Installation and Use

Compile

Environmental dependence

  1. CentOS, Ubuntu and Mac OS are all OK (recommend CentOS >= 7.2).

  2. go >= 1.19 required.

  3. gcc >= 5 required.(recommend gcc >= 9 if want to use scann)

  4. cmake >= 3.17 required.

  5. OpenBLAS.

  6. tbb,In CentOS it can be installed by yum. Such as: yum install tbb-devel.x86_64.

  7. RocksDB == 6.2.2 (optional). You don’t need to install it manually, the script installs it automatically. But you need to manually install the dependencies of rocksdb. Please refer to the installation method: https://github.com/facebook/rocksdb/blob/master/INSTALL.md

  8. CUDA >= 9.0, if you want GPU support.

Compile

  • Enter the GOPATH directory, cd $GOPATH/src mkdir -p github.com/vearch cd github.com/vearch

  • Download the source code: git clone https://github.com/vearch/vearch.git ($vearch denotes the absolute path of vearch code)

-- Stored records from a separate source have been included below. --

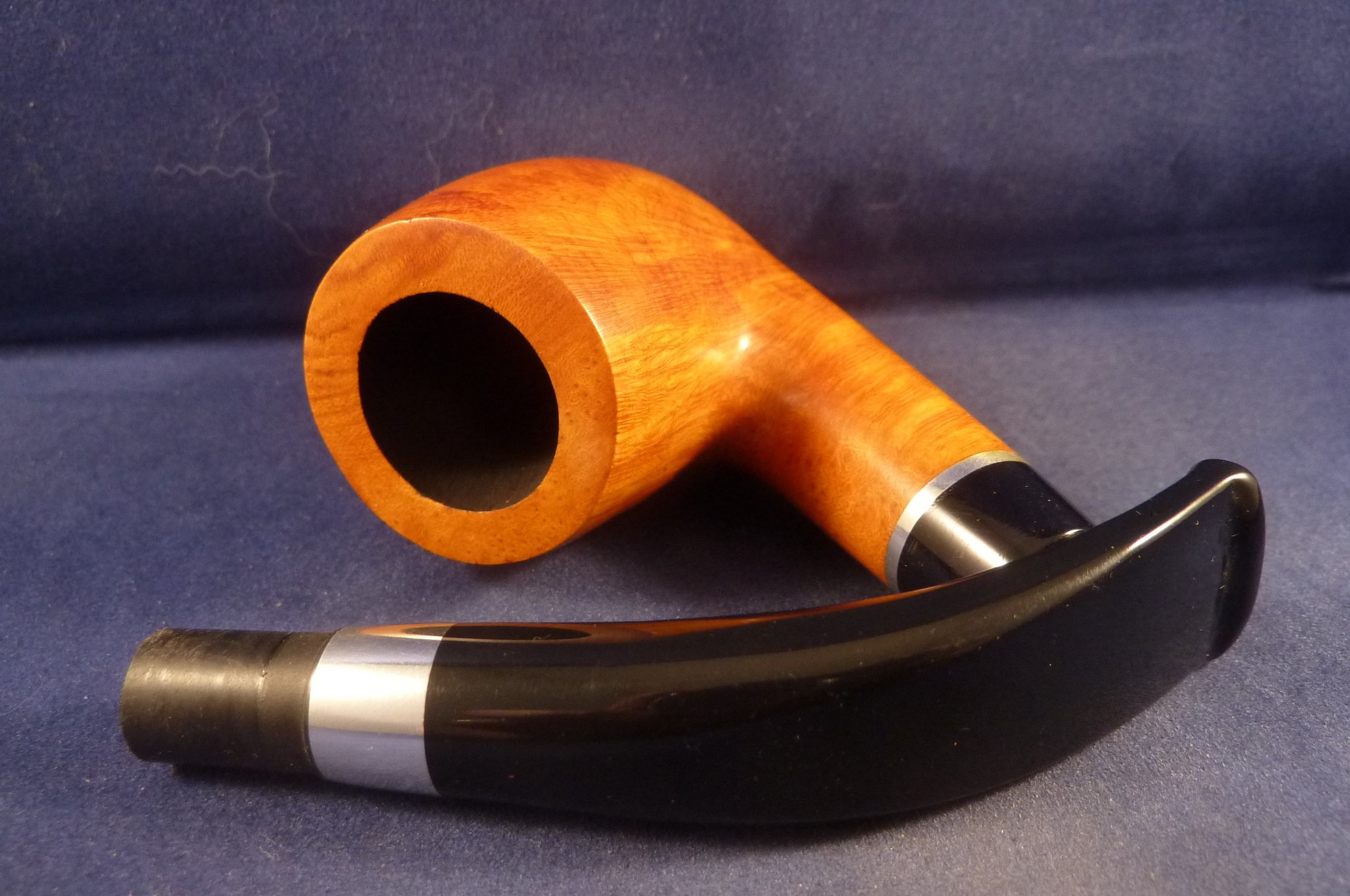 This is a brand new briar pipe made by Aldo Velani in Italy. Acrylic mouthpiece, 9 mm. filter. The metal application on the mouthpiece make the pipe look like a spigot.
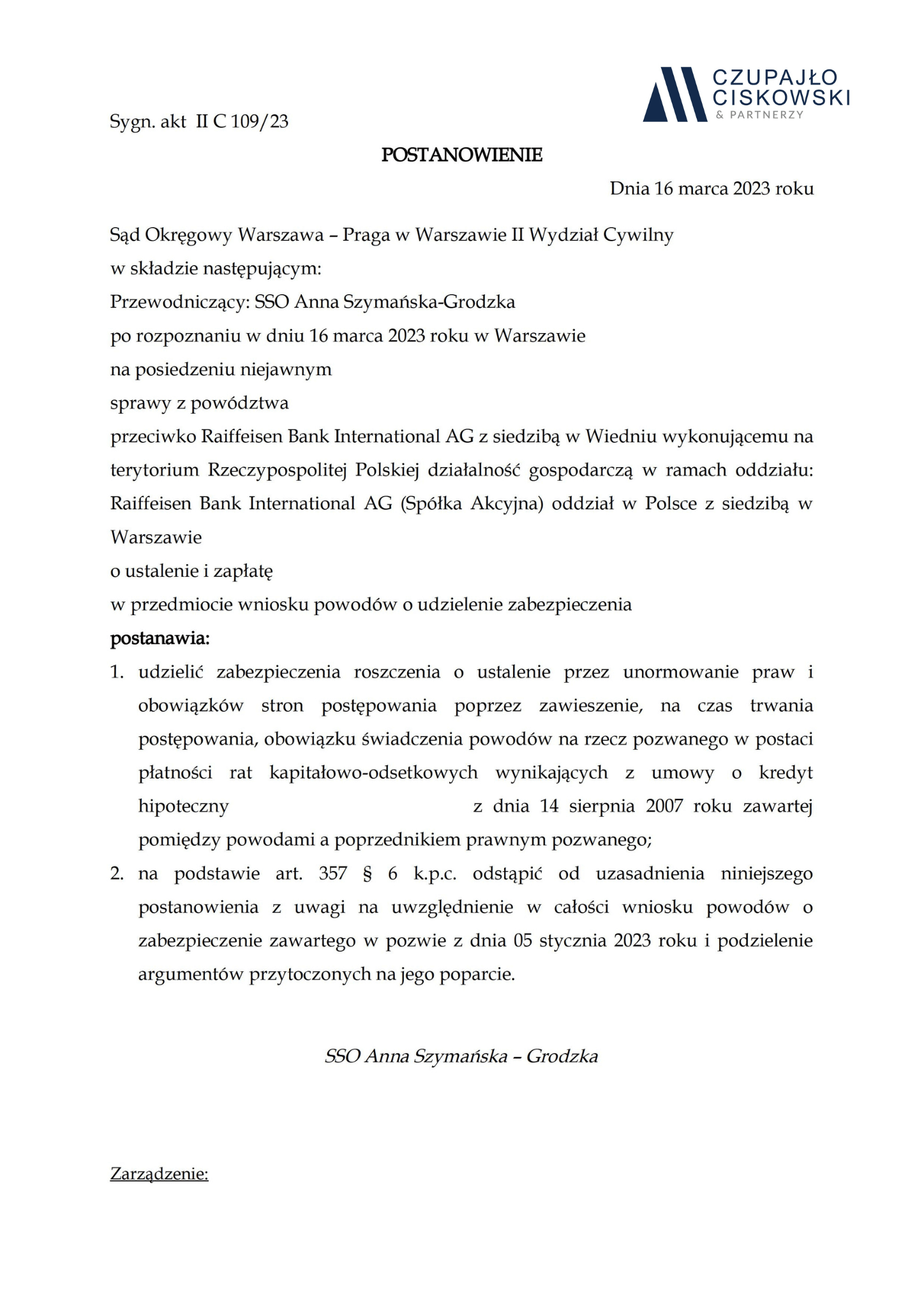 Sąd Okręgowy Warszawa-Praga w Warszawie, II Wydział Cywilny w składzie SSO Anna Szymańska-Grodzka po rozpoznaniu w dniu 16 marca 2023 r. na posiedzeniu niejawnym sprawy z powództwa naszych Klientów przeciwko Raiffeisen Bank International AG z siedzibą w Wiedniu o ustalenie i zapłatę w sprawie o sygn. akt II C 109/23 postanowił udzielić zabezpieczenia roszczenia naszym Klientom.
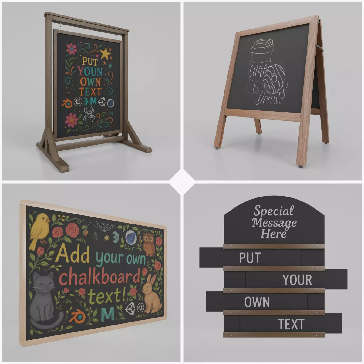 A professionally curated set of high-quality 3D chalkboard assets, combining four customizable sidewalk signs, countertop displays, and wall-mounted boards. Designed for architects, game developers, and 3D artists creating realistic commercial, educational, or hospitality environments.
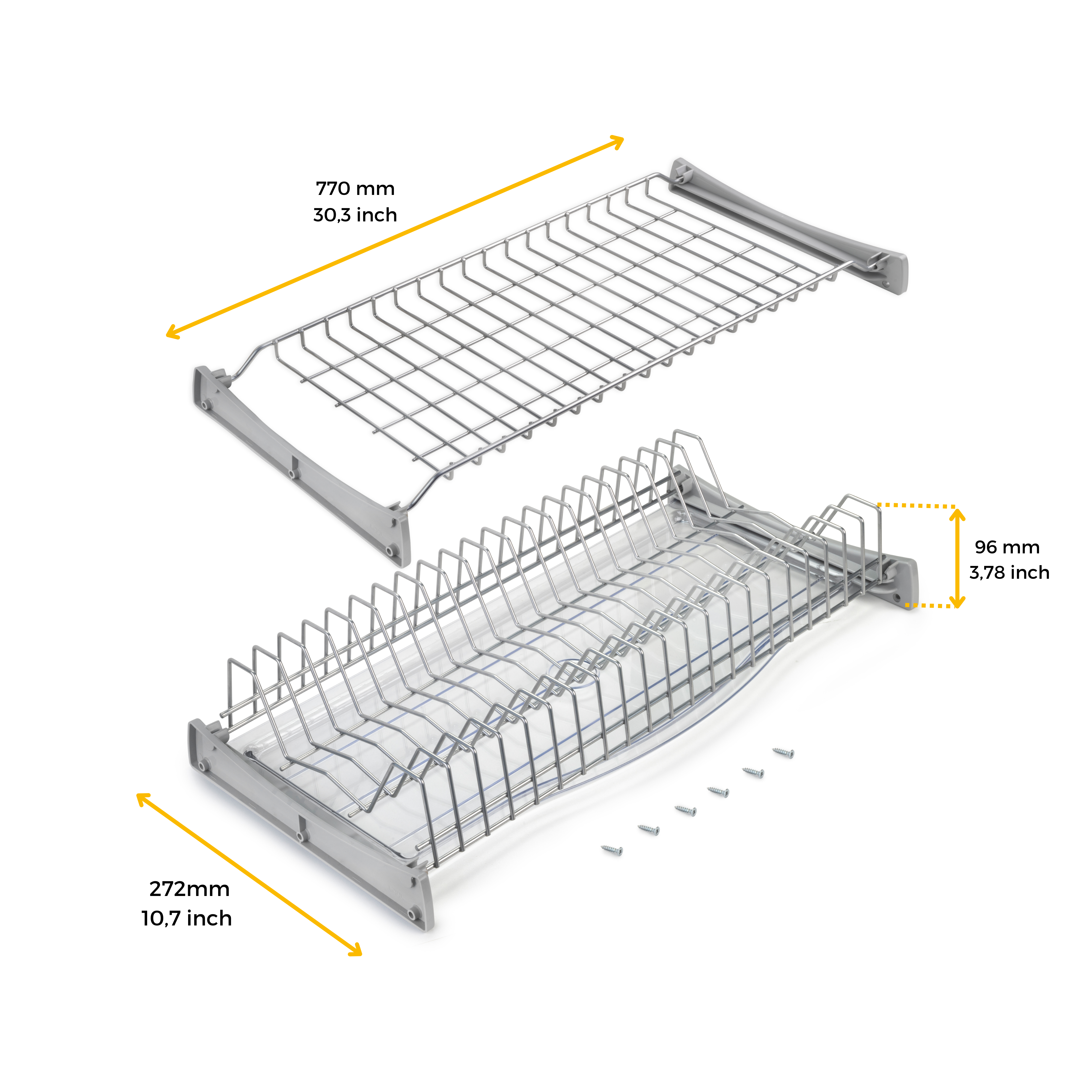 It stands out for its large storage capacity and for being very easy to assemble, you only have to screw the anchors into the kitchen unit and place the trays. Made of steel with a rust-resistant aluminium painted finish, with grey plastic anchors to the unit and transparent plastic drip tray.
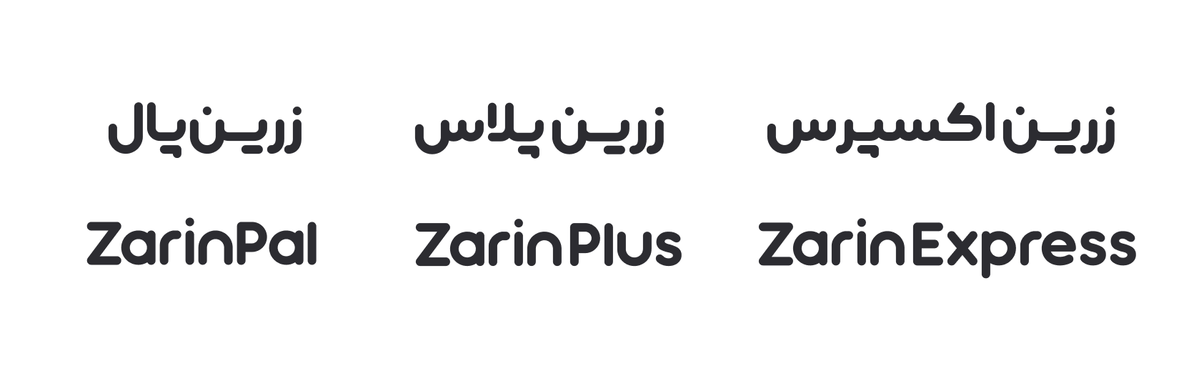لوگوتایپ همهی محصولاتِ خانوادهی زرینپال به دو زبان فارسی و انگلیسی، با ضخامتی ثابت و گوشههایی نرم ترسیم شدهاند و دارای حداقل جزئیات هستند.
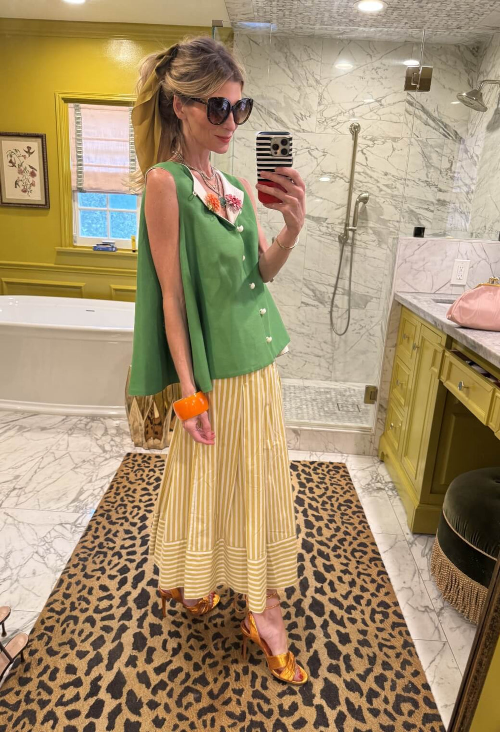 Change the silhouette by styling with our green swing top, a vintage scarf, and big sunnies, stack a bold bangle, and step out in metallic heels. Play up the citron color palette with pops of green, citron, and orange for a look that feels joyful and delightfully Buru.
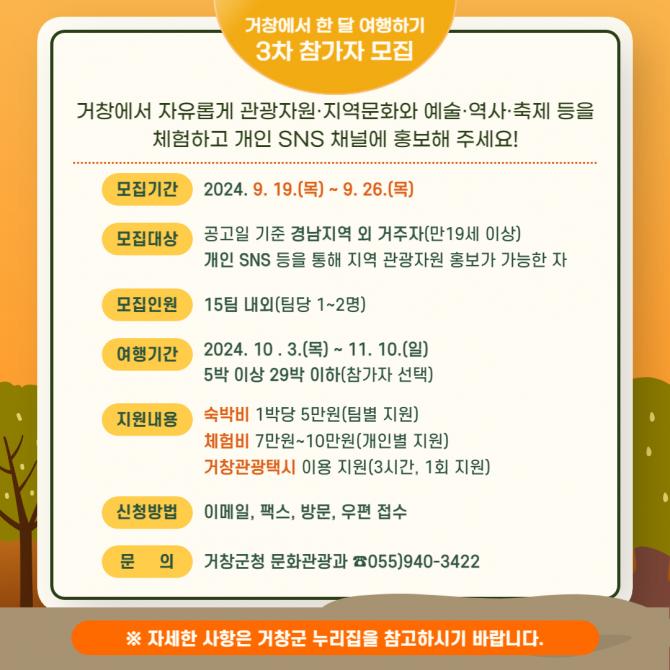 ‘거창에서 한 달 여행하기’ 프로그램 참가자들에게는 5박 이상 29박 이내로 팀당 하루 5만 원 이내의 숙박비와 1인당 7만 원에서 10만 원 이하의 지역 문화·예술·역사·축제 체험비가 지원된다.
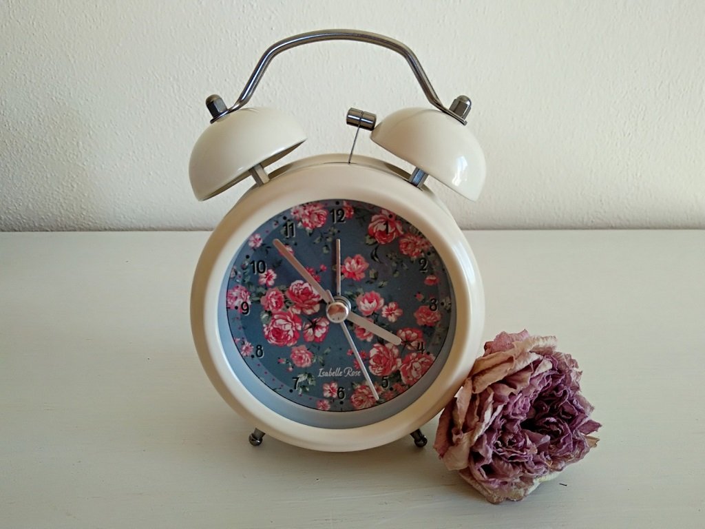 S retro budíkem ve smetanové barvě budou Vaše rána opět stříbrná. Vydává klasický zvonivý zvuk, ciferník s dekorem drobných růží lze rozsvítit.
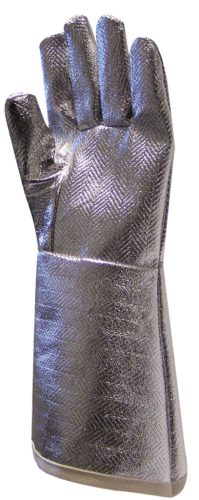 *350 g/m2 vastag, hő- és vágásbiztos aramidszál aluminizált külső réteggel*véd sugárzó- (20kW/ m2 > 150 sec) és kontakt (100°C >15 sec) hőhatás, valamint közvetlen lánghatás (>7 sec) ellen*forró fémcseppek elleni védelem hegesztő munkálatoknál*GAN59892: 38 cm hosszú mandzsettás változat
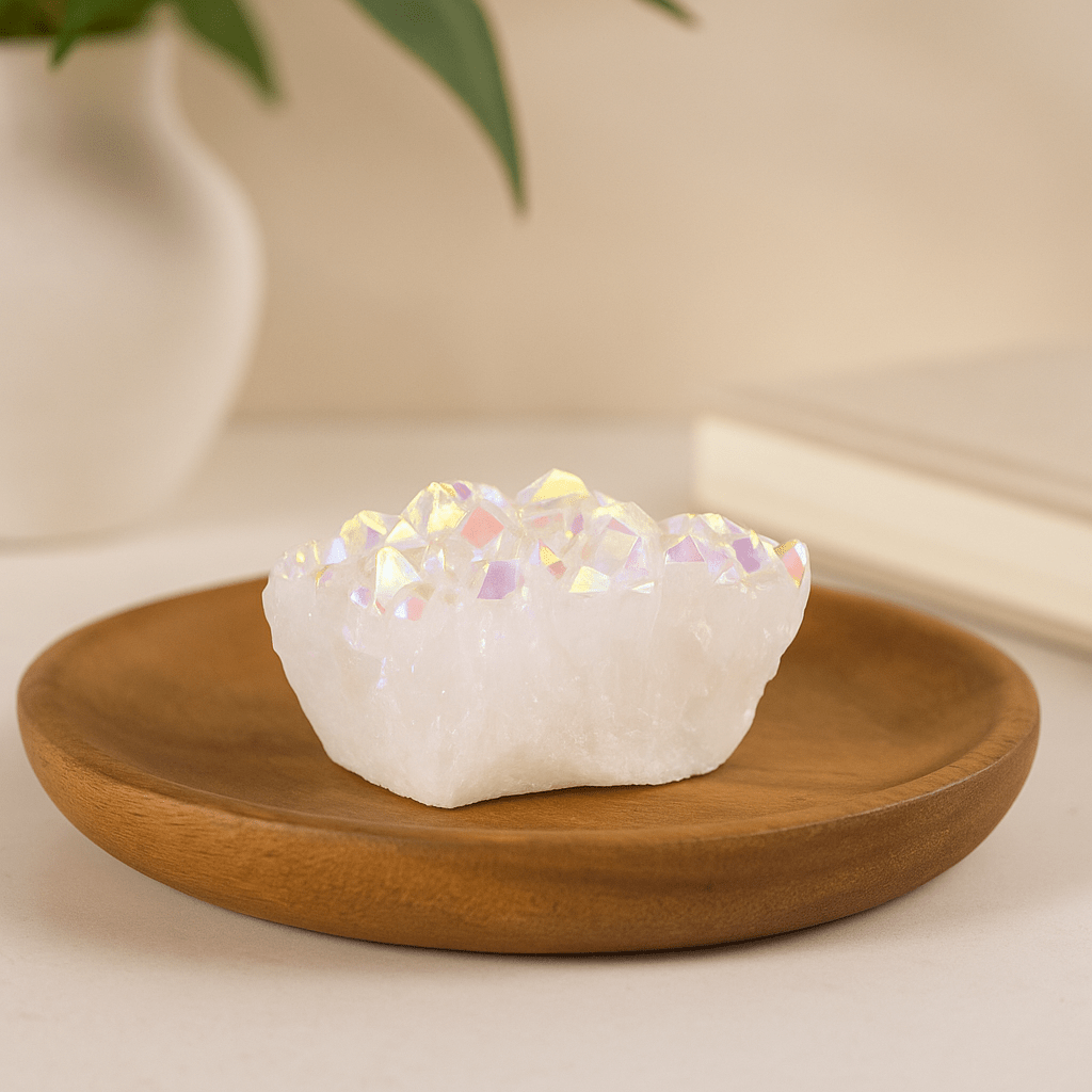 El racimo es irregular y orgánico. Una base robusta y cuadrada sostiene una corona dentada de puntas multifacéticas. La superficie superior es finamente drusa, brillando al girarla; los lados son más rugosos y mates a la vista y al tacto. Su cuerpo permanece translúcido a blanco opaco, mientras que un brillo iridiscente AB destella en rosa, amarillo, verde y violeta. Reflejos prismáticos se mueven por los planos, dándole presencia sin ser llamativa.

  • To add GPU Index support: change BUILD_WITH_GPU from “off” to “on” in $vearch/engine/CMakeLists.txt

  • To add Scann Index support: change BUILD_WITH_SCANN from “off” to “on” in $vearch/engine/CMakeLists.txt

  • Compile vearch and gamma

    1. cd build

    2. sh build.sh

    generate vearchfile compile success

Deploy

Before run vearch, you shuld set LD_LIBRARY_PATH, Ensure that system can find gamma dynamic libraries. The gamma dynamic library that has been compiled is in the $vearch/build/gamma_build folder.

Local Model:

  • generate configuration file conf.toml

[global]
    # the name will validate join cluster by same name
    name = "vearch"
    # you data save to disk path ,If you are in a production environment, You'd better set absolute paths
    data = ["datas/"]
    # log path , If you are in a production environment, You'd better set absolute paths
    log = "logs/"
    # default log type for any model
    level = "debug"
    # master <-> ps <-> router will use this key to send or receive data
    signkey = "vearch"
    skip_auth = true

# if you are master you'd better set all config for router and ps and router and ps use default config it so cool
[[masters]]
    # name machine name for cluster
    name = "m1"
    # ip or domain
    address = "127.0.0.1"
    # api port for http server
    api_port = 8817
    # port for etcd server
    etcd_port = 2378
    # listen_peer_urls List of comma separated URLs to listen on for peer traffic.
    # advertise_peer_urls List of this member's peer URLs to advertise to the rest of the cluster. The URLs needed to be a comma-separated list.
    etcd_peer_port = 2390
    # List of this member's client URLs to advertise to the public.
    # The URLs needed to be a comma-separated list.
    # advertise_client_urls AND listen_client_urls
    etcd_client_port = 2370

[router]
    # port for server
    port = 9001

[ps]
    # port for server
    rpc_port = 8081
    # raft config begin
    raft_heartbeat_port = 8898
    raft_replicate_port = 8899
    heartbeat-interval = 200 #ms
    raft_retain_logs = 10000
    raft_replica_concurrency = 1
    raft_snap_concurrency = 1
  • start

./vearch -conf conf.toml all

Cluster Model:

  • vearch has three module: ps(PartitionServer) , master, router, run ./vearch -f conf.toml ps/router/master start ps/router/master module

Now we have five machine, two master, two ps and one router

  • master

    • 192.168.1.1

    • 192.168.1.2

  • ps

    • 192.168.1.3

    • 192.168.1.4

  • router

    • 192.168.1.5

[global]
    name = "vearch"
    data = ["datas/"]
    log = "logs/"
    level = "info"
    signkey = "vearch"
    skip_auth = true

# if you are master, you'd better set all config for router、ps and router, ps use default config it so cool
[[masters]]
    name = "m1"
    address = "192.168.1.1"
    api_port = 8817
    etcd_port = 2378
    etcd_peer_port = 2390
    etcd_client_port = 2370
[[masters]]
    name = "m2"
    address = "192.168.1.2"
    api_port = 8817
    etcd_port = 2378
    etcd_peer_port = 2390
    etcd_client_port = 2370
[router]
    port = 9001
    skip_auth = true
[ps]
    rpc_port = 8081
    raft_heartbeat_port = 8898
    raft_replicate_port = 8899
    heartbeat-interval = 200 #ms
    raft_retain_logs = 10000
    raft_replica_concurrency = 1
    raft_snap_concurrency = 1
  • on 192.168.1.1 , 192.168.1.2 run master

./vearch -conf config.toml master
  • on 192.168.1.3 , 192.168.1.4 run ps

./vearch -conf config.toml ps
  • on 192.168.1.5 run router

./vearch -conf config.toml router